Sean O’Casey described his wonderful play The Silver Tassie, which I review in Weekend today, as a ‘tragi-comedy’. Much of the (very welcome) humour is supplied by the antics of a pair of old boys, Sylvester Heegan and Simon Norton, beautifully portrayed by Aidan McArdle and Stephen Kennedy. In Garry Hynes’s startlingly good production of the play that the Irish company Druid brought to Oxford Playhouse in 2010, the characters wore bowler hats, giving the impression, possibly intended, that they were auditioning, two decades early, for roles in Samuel Becket’s Waiting for Godot. At the National Theatre, headgear is dispensed with.

The joshing, disputational nature of the men’s friendship is established in the opening scene of the play when they disagree about the details of a boxing match in which a policeman had been worsted by Sylvester’s son Harry.

Acting out the climax of the bout in pantomimic style — as seen in the photograph on the right — Sylvester supplies breathless commentary. “There he [the policeman] was staggerin’, beatin’ out blindly, every spark of energy panted out of him, while Harry feinted, dodg’d, sidestepp’d, then suddenly sail’d in an’ put him asleep with . . .”

“A left-handed hook to the jaw!” he continues, while Simon simultaneously offers: “A right-handed hook to the jaw!”

Slowly and deliberately, Sylvester states: “I was at the fight, Simon, an’ I seen him givin’ a left-handed hook to the jaw.”

With equal force, Simon replies: “I was there, to, an’ I saw him down the Bobby with a right-handed hook to the jaw.”

This prompts Sylvester’s response, following further emphatic statements of both men’s position: “It was a close-up, an’ I don’t know who’d know better if it wasn’t the boy’s own father.”

That seeming to have settled the matter, at least as far as Sylvester is concerned, the subject is closed.

Towards the end of the play, with the sporting Harry (Ronan Raftery) now in a wheelchair from injuries received in the trenches, the gloom of the drama is relieved by Sylvester and Simon’s cack-handed attempts to answer a ringing public telephone.

Neither has faced this particular challenge before, and neither has a clue what to do. After hilarious botched efforts to master the instrument, they fall back on the comforting conclusion that it is the person at the other end who has caused the communication breakdown.

Says Simon: “Likely they are not accustomed to it, and it’s a bit difficult if you’re not fully conscious of its manipulation.”

Sylvester adds: “Well, let them study an’ study it then, or abide by the consequences, for we can’t be wastin’ time teachin’ them.”

As I followed this scene from my seat in the Lyttelton Theatre last week, my mind went back 25 years to an occasion when I, too, was baffled by telephone technology.

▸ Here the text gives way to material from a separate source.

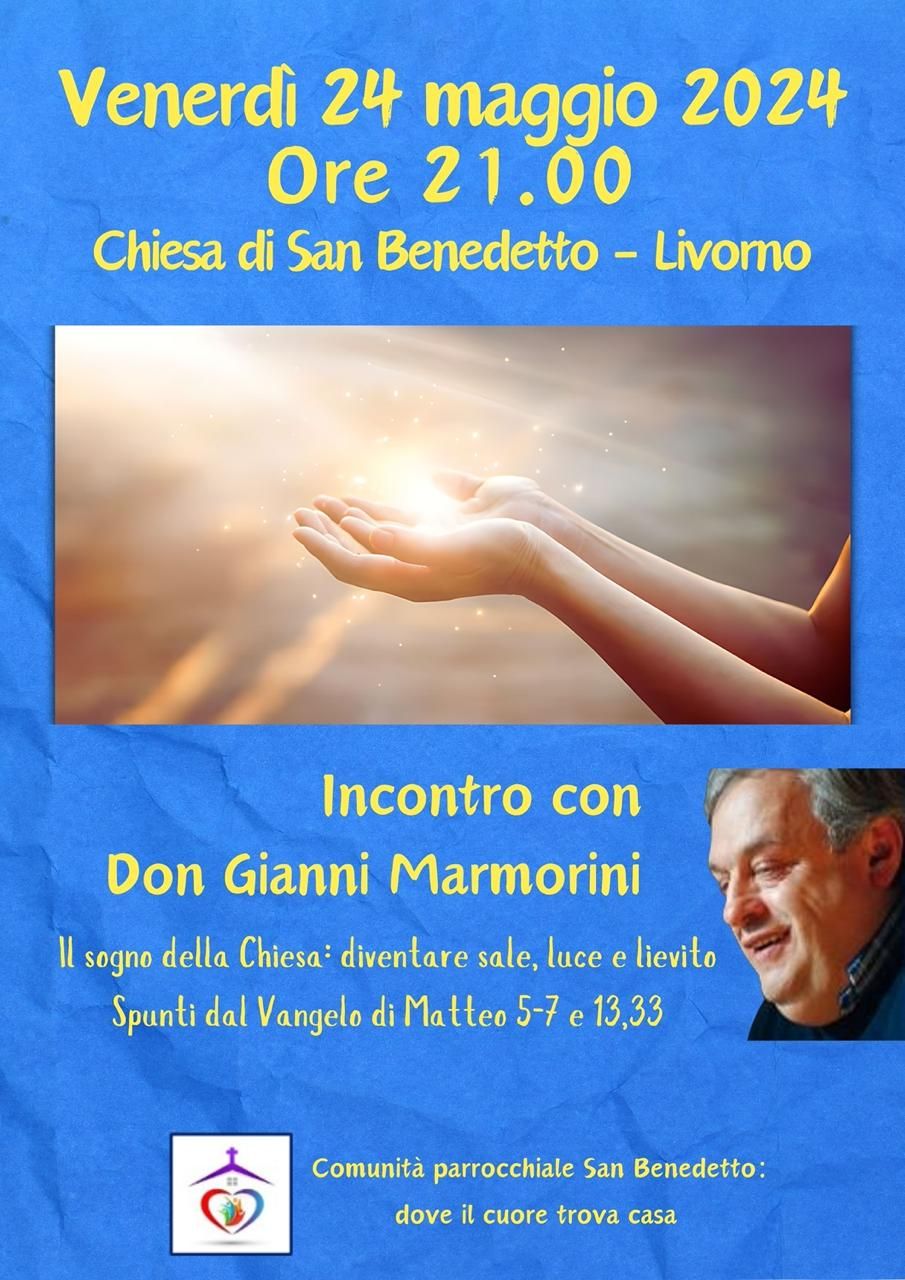 Per rispondere a questa richiesta, dopo l’incontro ad inizio quaresima con Don Medori, abbiamo invitato Don Gianni Marmorini che per tanti anni ha tenuto incontri e corsi biblici presso la Comunità di Romena e che ora svolge il suo ministero presso la parrocchia di Papiano presso Stia (a pochi chilometri da Romena). L’incontro, aperto a tutti, si terrà Venerdì 24 maggio alle 21 presso la parrocchia di San Benedetto. Il tema proposto é: “Il sogno della Chiesa: diventare sale, luce e lievito” prendendo spunto da vangelo di Matteo ai capitoli 5-7 e 13,33.

Still working principally as a news reporter, I was equipped on this day, as ‘Sunday man on’, with the office’s new mobile telephone. At lunchtime, I lugged this object, which had the size and appearance of a walky-talky, into my local pub, the Waterman’s Arms, in Osney.

As one who knew me very well, the landlord Steve Denny felt reasonably confident that I would not have the first idea how to operate the instrument. So, having noted the telephone number engraved on it, he surreptitiously dialled it from behind the bar.

The ringing went unheard by me amid the convivial hubbub (to digress, weren’t pubs more fun when restricted noon till 2pm opening on Sunday brought everyone in at the same time?).

“Chris, I think that’s your phone ringing,” said the mischievous Steve. Then he — and everyone else present — watched the comic spectacle, lasting some minutes, of my proving incapable of rising to the challenge of answering it.